**Problem to work on:**
Using the listing below, please print exactly the lines from the one with "STRUTTURA IN COMPENSATO." through the one with "5、可配套Apple Watch版本使用,iPhone可以同时管理本机和Watch的数据。 赶快下载,看一下您们之间的距离…". Leave out every picture.

**Provided entries:**
——

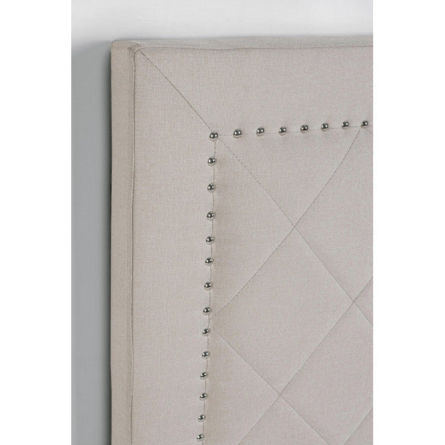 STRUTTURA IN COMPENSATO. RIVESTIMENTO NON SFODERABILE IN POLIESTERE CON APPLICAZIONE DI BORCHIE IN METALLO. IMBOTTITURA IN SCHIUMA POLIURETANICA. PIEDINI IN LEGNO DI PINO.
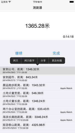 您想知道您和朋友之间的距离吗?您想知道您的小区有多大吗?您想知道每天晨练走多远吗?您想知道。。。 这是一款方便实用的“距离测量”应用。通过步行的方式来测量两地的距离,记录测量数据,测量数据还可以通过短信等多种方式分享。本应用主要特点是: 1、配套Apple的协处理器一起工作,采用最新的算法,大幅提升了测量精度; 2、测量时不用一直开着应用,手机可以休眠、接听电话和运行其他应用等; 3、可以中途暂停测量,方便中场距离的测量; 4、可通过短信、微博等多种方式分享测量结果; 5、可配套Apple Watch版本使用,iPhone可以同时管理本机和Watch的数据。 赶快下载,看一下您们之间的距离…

——

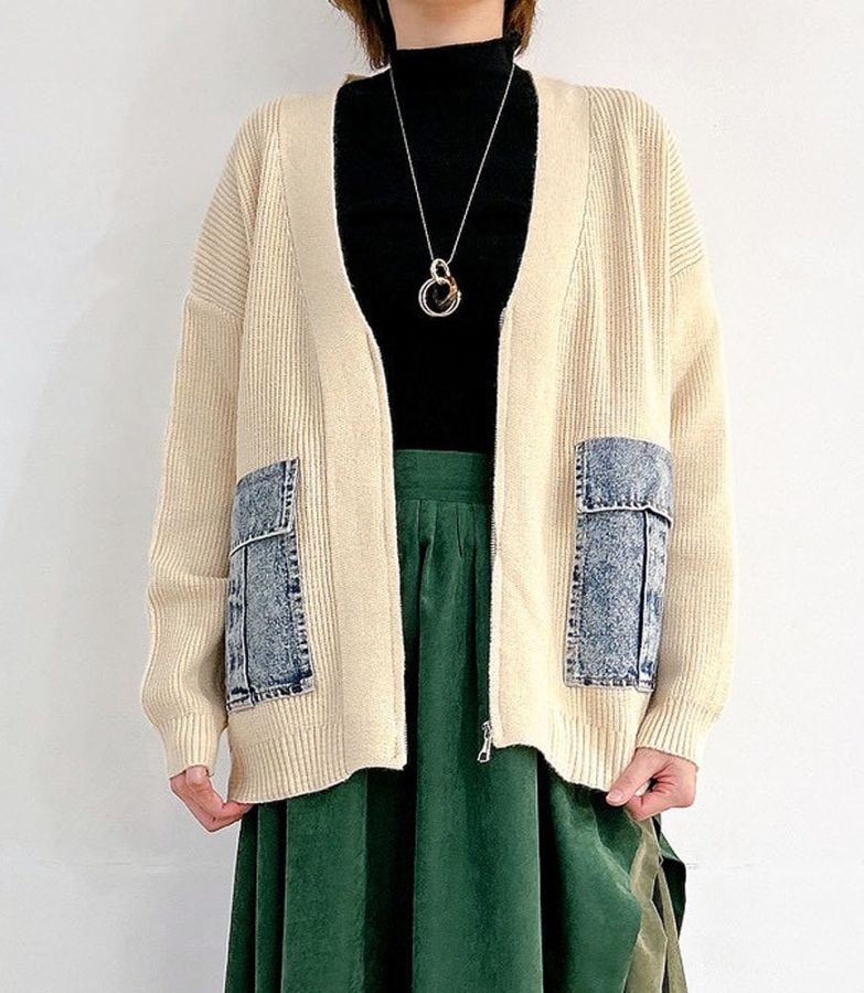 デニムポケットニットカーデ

——

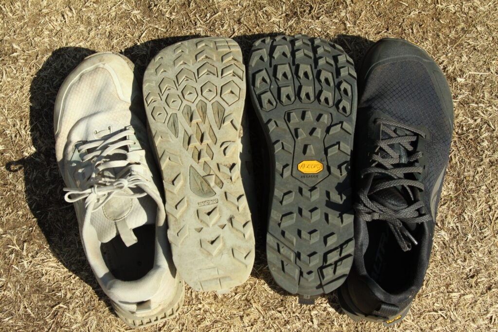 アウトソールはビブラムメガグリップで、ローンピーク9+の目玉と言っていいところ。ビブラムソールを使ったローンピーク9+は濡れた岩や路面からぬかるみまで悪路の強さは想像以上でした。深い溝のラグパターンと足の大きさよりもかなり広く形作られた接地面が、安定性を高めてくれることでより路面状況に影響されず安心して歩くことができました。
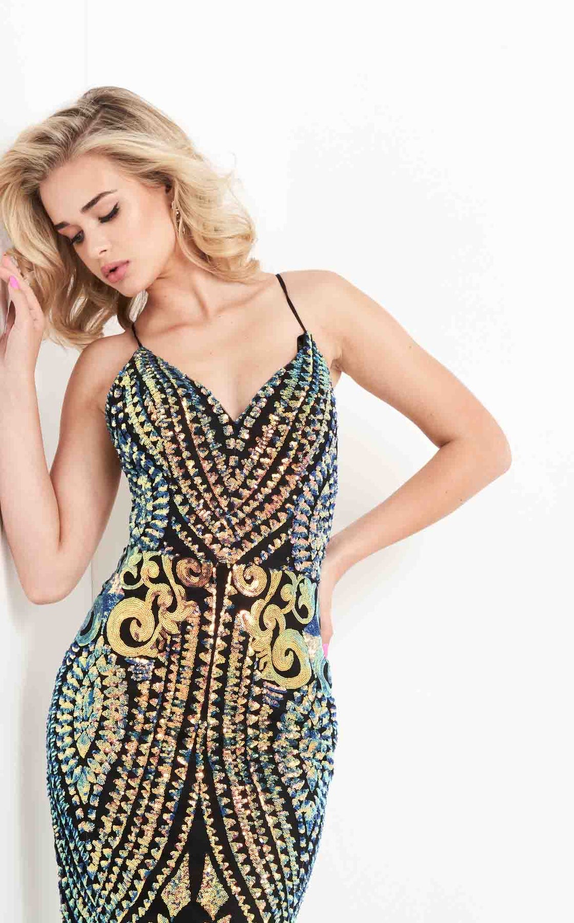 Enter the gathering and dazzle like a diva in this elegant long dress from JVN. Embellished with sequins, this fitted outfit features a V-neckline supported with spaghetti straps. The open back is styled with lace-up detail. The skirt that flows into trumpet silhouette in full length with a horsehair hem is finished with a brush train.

——

**Written response:**
 STRUTTURA IN COMPENSATO. RIVESTIMENTO NON SFODERABILE IN POLIESTERE CON APPLICAZIONE DI BORCHIE IN METALLO. IMBOTTITURA IN SCHIUMA POLIURETANICA. PIEDINI IN LEGNO DI PINO.
 您想知道您和朋友之间的距离吗?您想知道您的小区有多大吗?您想知道每天晨练走多远吗?您想知道。。。 这是一款方便实用的“距离测量”应用。通过步行的方式来测量两地的距离,记录测量数据,测量数据还可以通过短信等多种方式分享。本应用主要特点是: 1、配套Apple的协处理器一起工作,采用最新的算法,大幅提升了测量精度; 2、测量时不用一直开着应用,手机可以休眠、接听电话和运行其他应用等; 3、可以中途暂停测量,方便中场距离的测量; 4、可通过短信、微博等多种方式分享测量结果; 5、可配套Apple Watch版本使用,iPhone可以同时管理本机和Watch的数据。 赶快下载,看一下您们之间的距离…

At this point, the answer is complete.